Given the invasive character of hepatic catheterization, there have been multiple
attempts to establish ultrasound-based criteria to evaluate TIPS dysfunction, using
variables such as portal vein velocity (PVV), intrahepatic portal branch flow directionality,
and in-stent peak velocity, with varying degrees of success [6 ]
[12 ]
[13 ]
[14 ]. Detecting TIPS dysfunction defined by a suboptimal PPG appears to be challenging,
with an AUROC of only 0.77, with sub-par pooled sensitivity (82%) and specificity
(58%) [15 ]. A significant caveat was that most of the studies only performed a hemodynamic
assessment if dysfunction was suspected on clinical or ultrasonographic grounds, rendering
the US-angiography comparison pairings subject to a selection bias towards dysfunction
[6 ]
[13 ]
[16 ]
[17 ]
[18 ].
The aim of the current study was to evaluate the discrimination capabilities of Doppler
ultrasonography for TIPS dysfunction in the setting of scheduled hepatic catheterization
at four to six weeks following TIPS placement, performed systematically regardless
of any indication of stent dysfunction. As a secondary aim, the study evaluated the
role of systematic hemodynamic TIPS revision for evaluating changes in PPG in a standardized
condition not affected by general anesthesia, vasoactive medication, or hemodynamic
instability.
Materials and Methods
Study population
All patients who benefited from TIPS placement between 2013 and 2020 in a tertiary
care facility were prospectively registered and considered potentially eligible for
inclusion in this retrospective descriptive analysis. Patients with symptom recurrence
(bleeding) or liver disease decompensation leading to death during the initial hospital
stay were excluded, as well as patients who continued their follow-up in other centers
or were lost to follow-up.
All patients signed the informed written consent before TIPS. The study was conducted
according to the modified Declaration of Helsinki, and the institutional ethics committee
approved the study design.
Data regarding liver disease staging were collected on the index admission.
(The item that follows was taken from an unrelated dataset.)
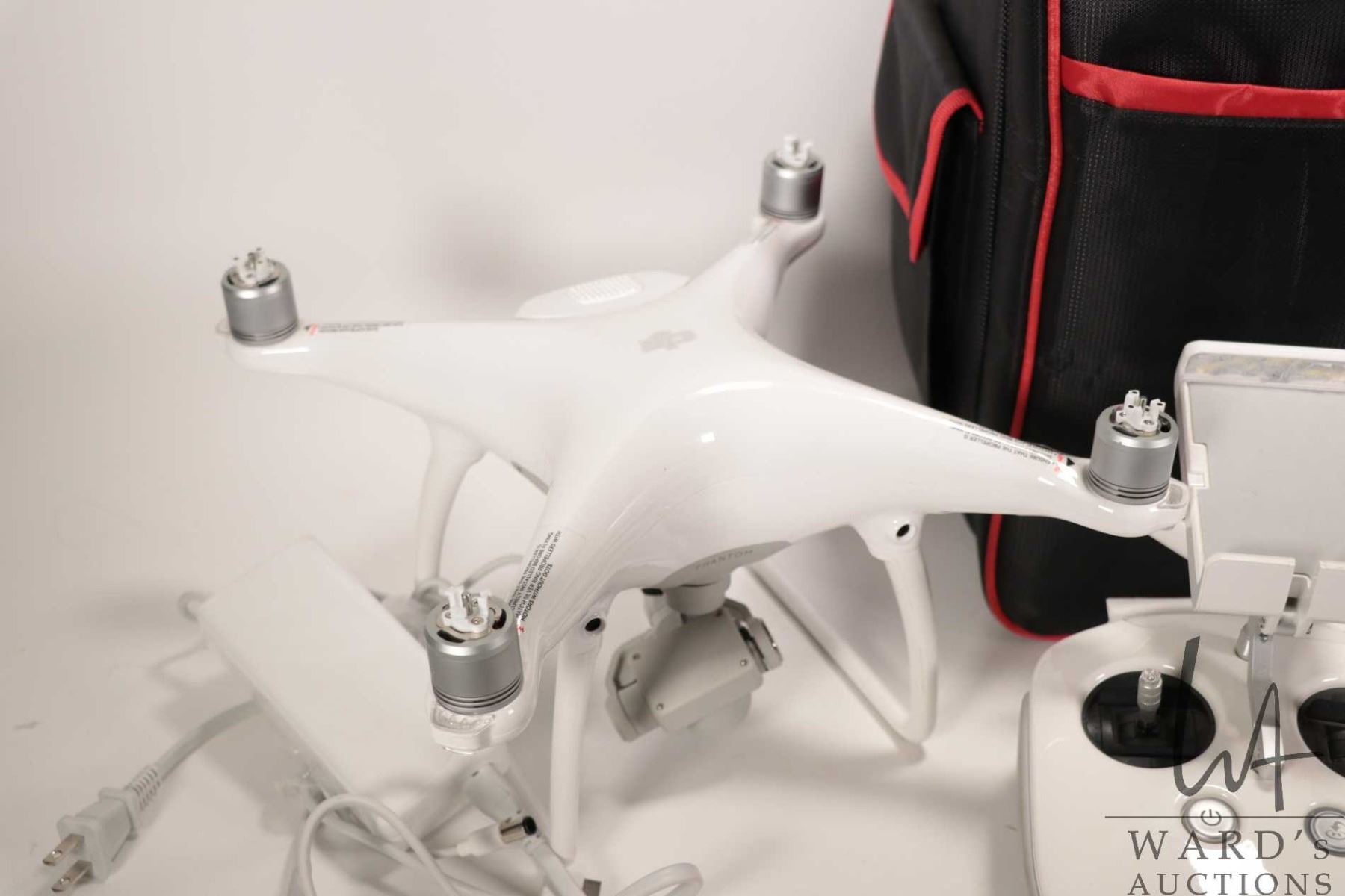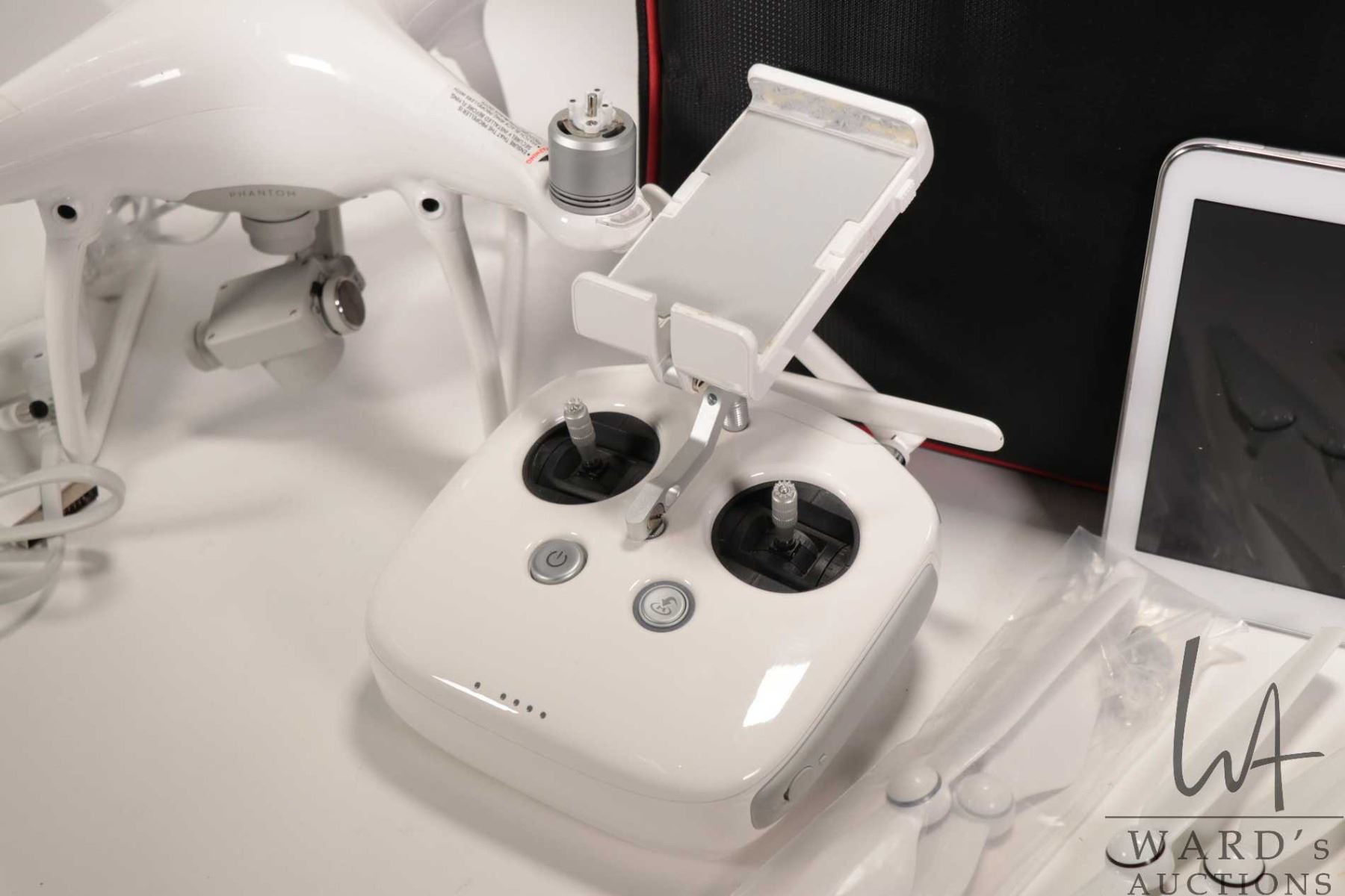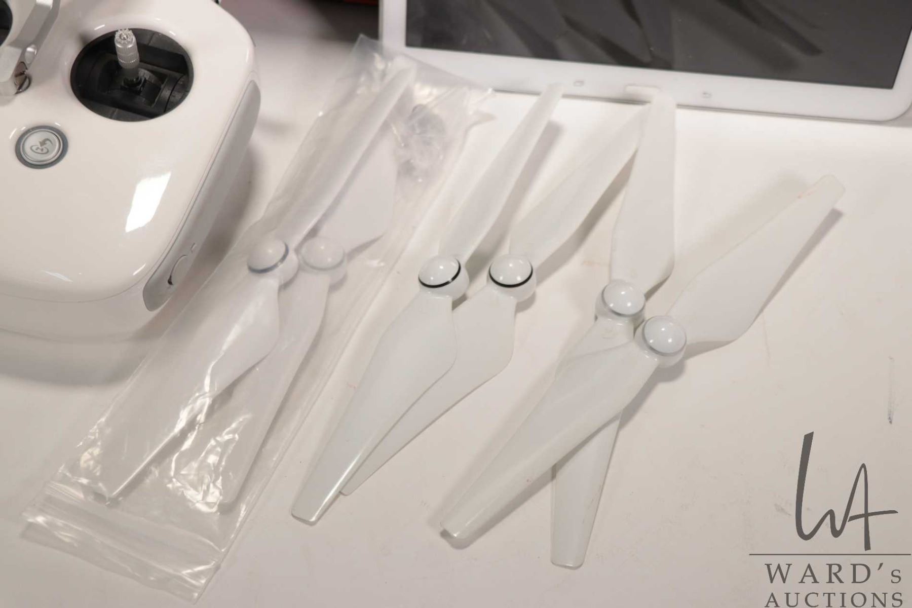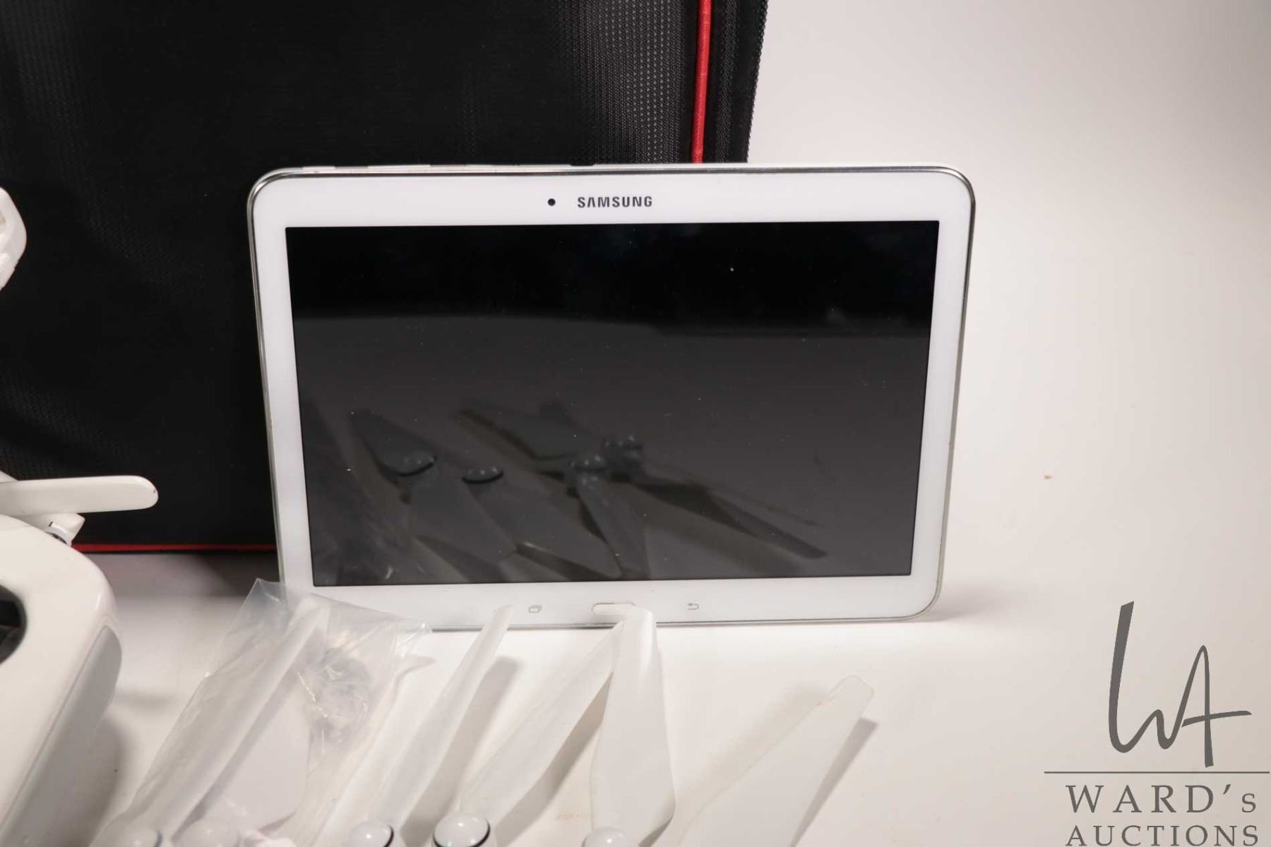 DJI Phantom 4 drone, complete with two batteries, charge cable, remote control with strap, full set of propellers plus back up, SD card, Samsung Galaxy TAB 4 tablet with carry case, working at time of cataloguing

The indication
for TIPS placement was determined according to the most recent Baveno consensus recommendation
(Baveno V Field [19 ] and VI [2 ]).
TIPS placement procedure
All patients included in the study benefited from a TIPS procedure with ePTFE-covered
graft stents using the standard procedure, as previously described [14 ]. Given that dedicated ePTFE stents were commercially unavailable in our country,
our protocol consisted of creating a double-stent hybrid using a BM stent (Wallstent
Endoprosthesis, Boston Scientific, Marlborough, MA, USA) and an ePTFE-covered stent
(Fluency, Bard, Murray Hill, NJ, USA) to cover the intrahepatic trajectory of the
shunt. The shunt was dilated to 8 mm, and the final PPG was measured. In the case
of an insufficient PPG decrease (PPG≥12 mmHg, or PPG decrease<50% of the initial PPG),
the shunt was further dilated to 10 mm. All procedures were performed under general
anesthesia.
Ultrasonography
All US examinations were performed using the same equipment throughout the study (Aixplorer,
SuperSonic Imagine, Aix-en-Provence, France). The two US evaluations were scheduled
within 48 hours following TIPS placement and at the first follow-up visit before hepatic
catheterization. Velocities were measured in blocked inspiration. The following variables
were recorded: shunt patency, portal vein velocity (PVV, cm/s), right and left portal
branch flow directionality, and peak velocities (cm/s) ([Fig. 1 ]). Ascites was graded according to the International Ascites Club classification
[20 ]. ΔPVV was calculated by subtracting the post-TIPS PVV from the PVV at the time of
the first revision.
Fig. 1 Doppler ultrasonographic assessment of portal vein velocity (left), right intrahepatic
portal branch flow directionality (middle), and left intrahepatic portal branch directionality
(right).
TIPS Revision
Our protocol for scheduled follow-up consists of a systematic ultrasonographic and
hemodynamic reevaluation at six weeks post-TIPS ([Fig. 2 ]). The hemodynamic protocol included standard venography evaluating shunt patency
and PPG measurements. If the venography revealed significant shunt stenosis or thrombosis,
or if the PPG exceeded 12 mmHg, the shunt was deemed dysfunctional, and further angioplasty
was performed.
Fig. 2 TIPS revision timeline and study protocol. PVV – portal vein velocity, PPG – portal
pressure gradient.
Clinical dysfunction (CD) was defined as the recurrence of PHT-related bleeding or
inadequate control of ascites. Given the relatively short timeframe from TIPS placement
to revision, adequate control of ascites was defined by US-proven improvement of ascites
or a decrease in the need for large-volume paracenteses by at least one-third. Hemodynamic
dysfunction (HD) was defined as a PPG≥12 mmHg.
Statistical Analysis
Descriptive statistics were used for normality testing and demographic variables.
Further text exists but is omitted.